Scribe rates of 1 or more, or 5 or more, or 10 or more
meters/second can also be used. The grooves or scribes in the back
contact metal preferably are about 10 micrometers to about 150
micrometers wide, preferably from about 40 micrometers to about 80
micrometers wide and are preferably parallel to and suitably
spaced, suitably about 25 micrometers to about 100 micrometers,
preferably from about 40 micrometers to about 80 micrometers from
the strips or scribes in the amorphous silicon semiconductor
layers.
[0044] The ablation of the semiconductor material to form the
scribes or grooves in the metal contact layer is believed to
produce particulates, for example, particulate silicon from the
ablation of amorphous silicon, which structurally weaken and burst
through the portions of metal film overlying the ablated
semiconductor material to form the grooves or scribes that separate
the metal film into a plurality of back electrodes. Such scribes
are preferably substantially continuous. The exact laser parameters
required to produce such continuous scribes in the metal film will,
of course, depend on a number of factors, such as the thickness and
material of the metal film, the characteristic wavelength of the
laser selected, the power density of the laser, the pulse
repetition rate and pulse duration of the laser, and the scribing
feed rate. After the removal of the back contact, particularly
after using the laser method, the photovoltaic cell is preferably
cleaned, preferably using an ultrasonic bath. The cleaning process
removes dust particles and melted materials along the edges of the
scribe patterns thereby reducing shunting.

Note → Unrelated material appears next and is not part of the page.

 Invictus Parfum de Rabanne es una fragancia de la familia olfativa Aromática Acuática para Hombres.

[0045] Methods for removing the back contact layer using a laser
process are described in U.S. patent application Ser. No.

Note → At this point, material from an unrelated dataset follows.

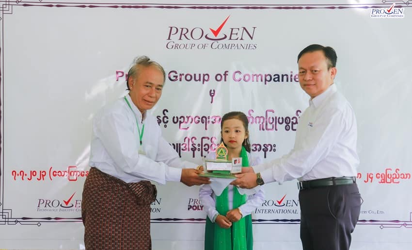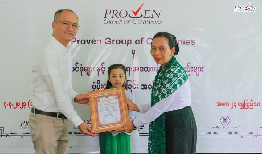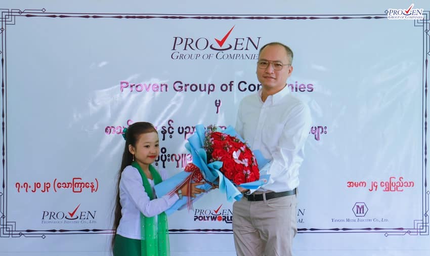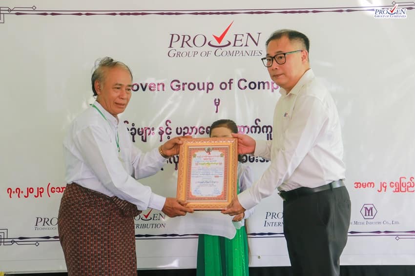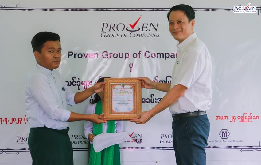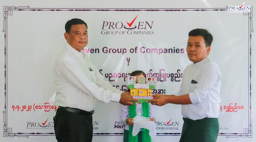 TOYO နှင့် Lion Battery များ ထုတ်လုပ်ဖြန့်ချီလျှက်ရှိသည့် Proven Group of Companies ၏လူမှုအကျိုးပြုအစီအစဥ်တစ်ရပ်အနေဖြင့်ရန်ကုန်တိုင်း ရွှေပြည်သာမြို့နယ်ရှိ အမက (၂၄ )မူလတန်းကျောင်းတွင် စာသင်ခုံများ နှင့် ပညာရေး အထောက်အကူပြုပစ္စည်းများအတွက် စုစုပေါင်း တန်ဖိုး ကျပ် သိန်း (၅၀) အား ပံ့ပိုးလှူဒါန်းခဲ့ပါသည်။

09/891/752 and PCT/US 01/20398 which are incorporated herein by
reference in their entirety. In addition to disclosing the method
of forming the laser scribes in the back contact, they also
describe the dimensions of the laser scribes. They also describe a
method for forming in the back contact a series of scribes that
impart partial transparency to the photovoltaic device or imparting
designs. Such laser scribing methods described therein can also be
use in the continuous or semi-continuous process of this
invention.
[0046] The process of this invention is preferably carried out in
the continuous mode. In that mode, the substrate, preferably a flat
glass substrate and preferably a low iron glass, is moved or
carried along (the substrate positioned vertically, near
vertically, or horizontally) a conveying system, for example
rollers, through a series of deposition chambers where the various
layers of the photovoltaic device as described above are deposited
on the substrate. In order to enhance the speed of the process the
substrate is moved through the different deposition steps at the
same or about the same temperatures and preferably at the same or
about the same pressures. For example, each deposition or laser
scribing step is, in relation to its adjacent deposition or laser
scribing step, at a temperature of .+-.2 to 25.degree. C., or .+-.2
to 10.degree. C., or .+-.1-5.degree. C. and at a pressure of .+-.20
Torr or .+-.10 Torr or .+-.5 Torr compared to its adjacent
deposition or scribing step. This is particularly preferable with
respect to the deposition step for the CTO front contact layer,
scribing of the front contact layer, deposition of the amorphous
silicon layer, scribing of the amorphous silicon layer and, if
used, second CTO layer for the back contact. In this manner it is
not necessary to repeatedly cool and then reheat the substrate
which would be time consuming and energy inefficient. In addition,
in the continuous process of this invention the scribing steps to
scribe the front contact and the amorphous layers, which are
preferably accomplished by laser scribing, are also accomplished
while the substrate and the conductive and semiconductor layer
deposited thereon are at an elevated temperature and at the reduced
pressures preferably used for the deposition procedures as
described above.
[0047] For example, the zinc oxide deposition of the front contact,
laser scribe of the front contact, deposition of the p, i and n
amorphous silicon layers, laser scribe of the amorphous silicon
layers, and zinc oxide deposition of the first layer of the back
contact can occur at a temperature of about 180 to about
200.degree. C. and at a pressure in the range of about 0.1 to about
2 Torr. The deposition of an aluminum back contact layer can occur
at a temperature of about 150.degree. C. but at a pressure of about
0.002 to 0.01 Torr. Thus, all the deposition steps and the laser
scribing steps that take place between the deposition steps all
occur at an elevated temperature within a certain range and all
occur at a reduced pressure thereby eliminating the need for
rapidly cooling or rapidly reheating the substrate.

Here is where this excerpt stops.